Task statement —
Images are to be dropped, and the rest of the data reproduced exactly.

Information provided —
-- Opening Marker --

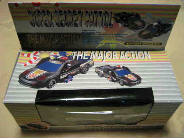 | 2004年1月にアメリカのコレクターより購入。フランスから送料込みで$350で購入したとのこと。全長30cm。ホイールとドアミラーは可動する。 | 2004年10月アメリカのコレクターより入手。全長34cm。両サイドのドアからチョロQとチョロバイのようなものが出てきたり 、リアハッチからヘリが出るといったギミックあり。中国製。 | ||
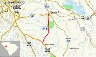 South Carolina Highway 248 (SC 248) is a 6.170-mile (9.930 km) primary state highway in the U.S. state of South Carolina. It serves as main access to the Ninety Six National Historic Site.
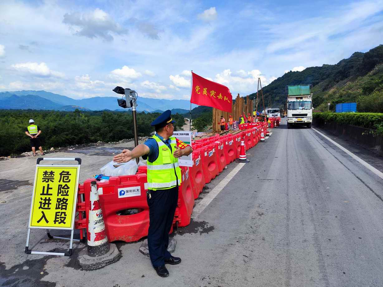 为更好地观察水毁情况,四中队使用无人机对现场情况进行“高空”监测,并派人在现场全程值守,疏导过往车辆,确保抢险车辆顺利通过。按照所掌握的各项信息,路政大队连夜就召开抢险方案讨论会,决定在龙怀高速及韶新高速连接处、英华互通路段实施分流,同时封闭大镇站、翁城站北行入口。
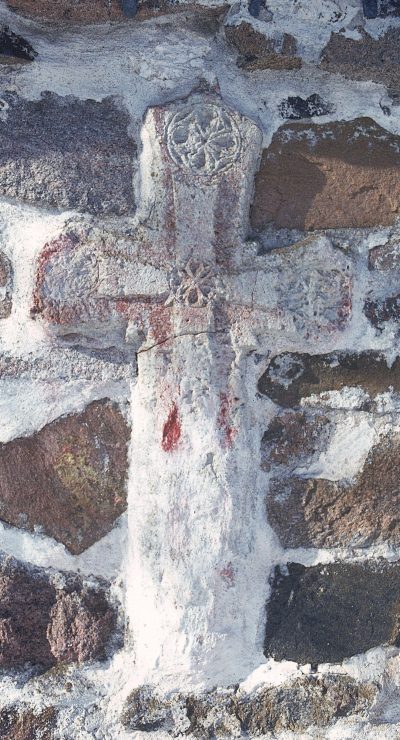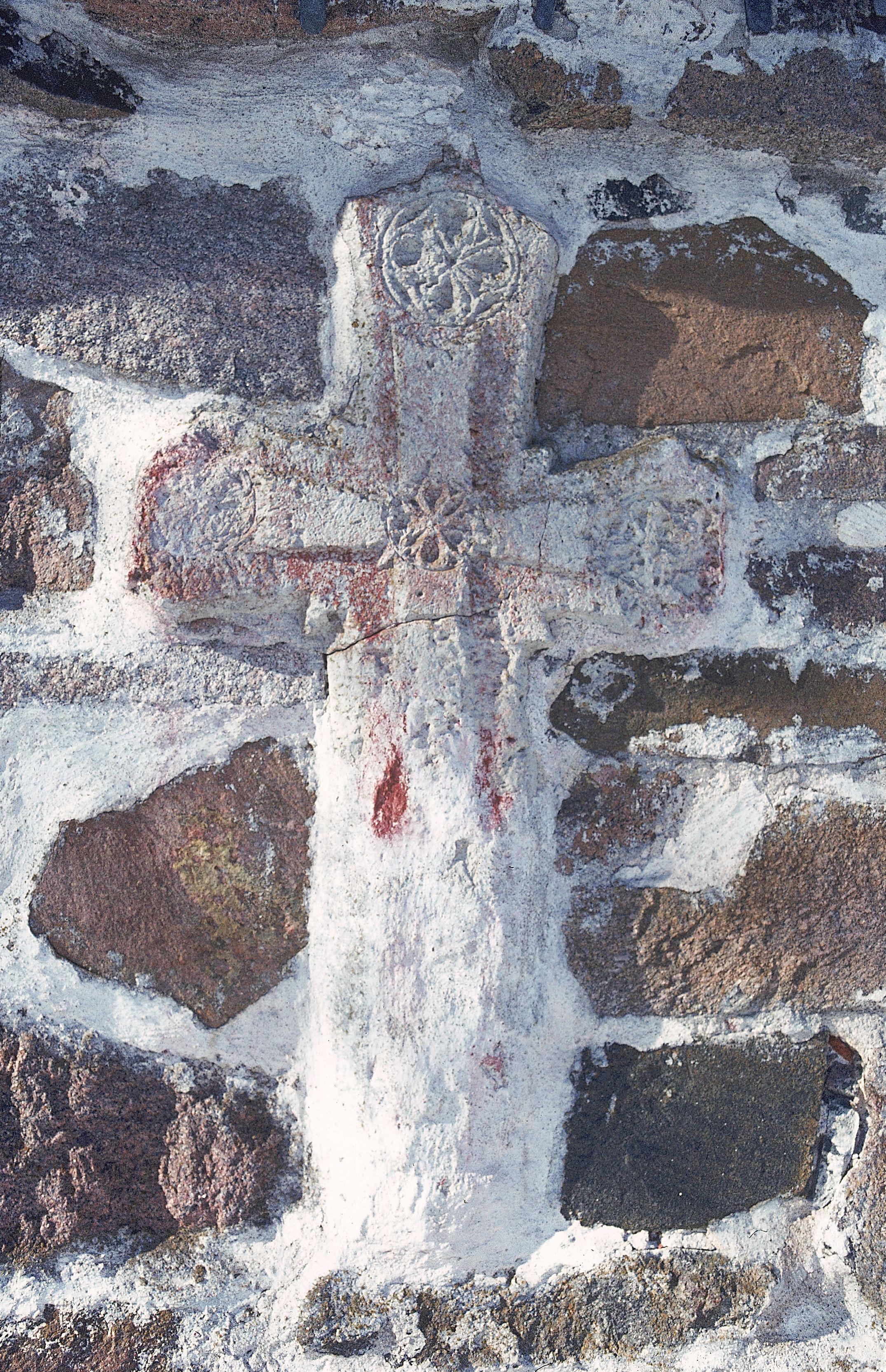Risti Korppoon kirkon kuorinpuoleisessa ulkoseinässä. Kuva: A. Laine 1973. Museovirasto (RHO9184:35).

-- Closing Marker --

Response area —
 | 2004年1月にアメリカのコレクターより購入。フランスから送料込みで$350で購入したとのこと。全長30cm。ホイールとドアミラーは可動する。 | 2004年10月アメリカのコレクターより入手。全長34cm。両サイドのドアからチョロQとチョロバイのようなものが出てきたり 、リアハッチからヘリが出るといったギミックあり。中国製。 | ||
 South Carolina Highway 248 (SC 248) is a 6.170-mile (9.930 km) primary state highway in the U.S. state of South Carolina. It serves as main access to the Ninety Six National Historic Site.
 为更好地观察水毁情况,四中队使用无人机对现场情况进行“高空”监测,并派人在现场全程值守,疏导过往车辆,确保抢险车辆顺利通过。按照所掌握的各项信息,路政大队连夜就召开抢险方案讨论会,决定在龙怀高速及韶新高速连接处、英华互通路段实施分流,同时封闭大镇站、翁城站北行入口。
Risti Korppoon kirkon kuorinpuoleisessa ulkoseinässä. Kuva: A. Laine 1973. Museovirasto (RHO9184:35).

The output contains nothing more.